When hailstones slammed into his eyes they made them water.
‘Damn it, Owen, you went and ruined the afternoon.’ He hunched his shoulders against the cold. ‘She’ll be telling her friends about us … they’ll be laughing.’
Kit had found some interesting clues. But Owen hadn’t given a crap. All he’d wanted to do was talk to Eden. Kit shook his head. This afternoon should have been great. The two of them exploring and finding those fascinating marks on the trees where something huge had scraped away the bark. Angrily, he kicked open the gate. His mother stared out of the window at him; her eyes were vacant, and he wasn’t even sure if she realized that her son was there.

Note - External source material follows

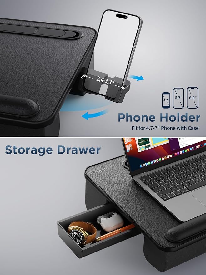 - Built-in Storage Drawer & Phone Holder Lap Tray: This laptop tray table is designed with a concealable drawer and a phone holder on the sides. They are both designed to save space when not in use. You can store necessary small items on the drawer such as pencils, a remote, earphones, keys, glasses, etc. when working on a bed or couch. The side phone holder allows you to stay connected while working or coloring.

Normally, Kit Bolter would do anything to protect his friendship with Owen, but bringing that smirking girl on their own private adventure had been a stab in the back. So he made a decision. I’m going to confront Owen. I wasn’t going to do this, but he’s forced my hand. I’ll tell him that there are rumours that Tom Westonby killed my uncle. What’s more, some people are saying he murdered Nicola Bekk and hid her body. Let’s see what Owen Westonby has to say about that.
Kit pushed aside any suspicion that he was becoming overwrought, or even irrational. No, Owen’s brought this on himself. Kit couldn’t wait to see the expression on Owen’s face when he said, Hey. Didn’t your brother kill my uncle? Or would it have a more devastating impact if he said: Owen, I heard your brother murdered his girlfriend?
Whichever accusation he went with first would be fantastic. Owen would be so shocked that he wouldn’t give Eden Taylor a second thought. SHOW TIME!!!
THIRTY
In the Station Hotel, Tom and June ate their meal in the lounge bar. After that they talked. They discussed the attack on Tom again, and how he’d nearly been drowned by the menacing figure. Tom also explained that he’d discovered how the vampires had cut the electricity to the cottage. Not that there was much of a mystery attached to that particular incident – the electric meter was fixed to a wall outside the property. There was also a mains power switch. The vampire had simply flipped the switch and plunged the cottage into darkness. Tom had rectified the situation by flicking it back into the ‘on’ position again.